Thursday 3 October 2013

BuildMaster review

I've been using a program called BuildMaster for my personal software projects for a while now, and I have to say I am a fan. All I've really been doing with it is managing builds and releases for little apps that manage personal data for me - tracking spending, making notes, keeping time at work - but it's still been really helpful.

Previously, I would develop code up to a certain point, manually deploy it, use it for a bit, realise it had bugs, fix it a bit again, then leave it alone for a while. Repeating that process, even though I was using source control, I would grow less and less confident in the code itself and the releases I had done. What version am I running here? Could be anything. Where did it come from in source control? Can I get it back without having to fix the code I'm updating now? Not unless you figure out all the other answers first.

That's what BuildMaster does for me and my one-man, self-serve software shop. Because I'm naming releases, numbering builds and labelling them in source control, it's all tied together very nicely. Because I have set up an ad-hoc testing environment between development and production, I can do some tests before promoting a build and be confident that, should it be necessary, I can revert to a previous build or get back exactly the previous code version if I need to, without searching the source control history for what looks right.

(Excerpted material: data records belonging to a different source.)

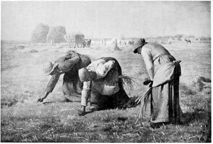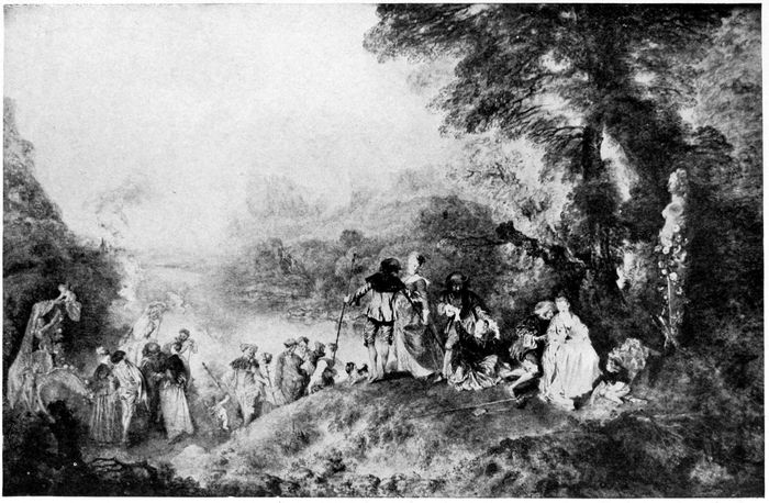 “In order to convince oneself of this, it is enough to observe that most of the masters preceded, and sometimes by a long period, the time when their works won recognition. Poussin painted a number 240of masterpieces under Louis XIII. whose regular nobility foretold the character of the following reign; Watteau, whose nonchalant grace would seem to have presided over all the reign of Louis XV., did not live under that King, but under Louis XIV., and died under the Regent; Chardin and Greuze, who, in celebrating the bourgeois home, would seem to have announced a democratic society, lived under a monarchy; Prudhon, mystical, sweet and weary, claimed, in the midst of strident imperial fanfares, the right to love, to meditate, to dream, and he affirmed it as the forerunner of the romantics. Nearer to us, Courbet and Millet, under the Second Empire, pictured the sorrows and the dignity of the people, who since then, under the Third Republic, have won so preponderant a place in society.
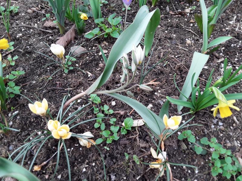 Hier wird die Tulpenblüte dieses Jahr sehr dürftig, aktuell blühen ein paar T. turkestanica, aber selbst die ansonsten so zuverlässigen 'Purissima' haben nur eine Handvoll Knospen, praktisch alle anderen nur einzelne Blätter. An zu wenig Dünger hat es diesmal nicht gelegen, im sommerlichen Dauerregen konnten die meisten Zwiebeln aber nicht ausreifen und sind zum Teil sicher auch einfach vergammelt.
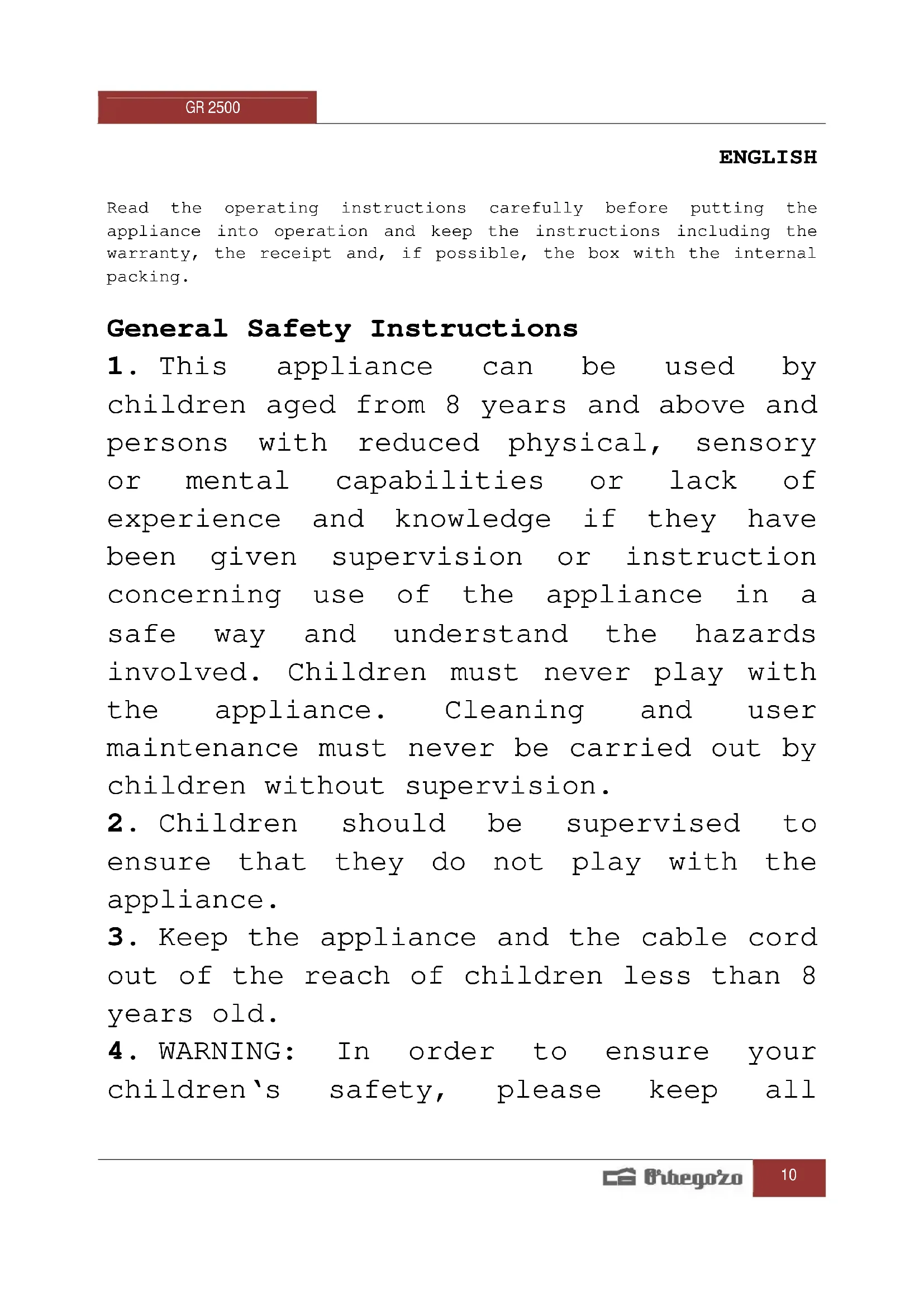GR 2500 - Grill plate Orbegozo - Free user manual and instructions

There's a lot more the BuildMaster can do - integrating with issue tracking, automated testing, databases and so on - and some things I wish it could do natively, such as integrating with Bazaar, my personal source control system of choice, but it has been a real boon to my personal projects so far, and I intend to keep using it at least for that. If I can convince the company to use it, I think it would help at work. We have similar problems to what I had, but on a larger, more annoying scale.

Mokalus of Borg

PS - We need something at work, in any case.
PPS - Every software shop needs some kind of system, even something manual.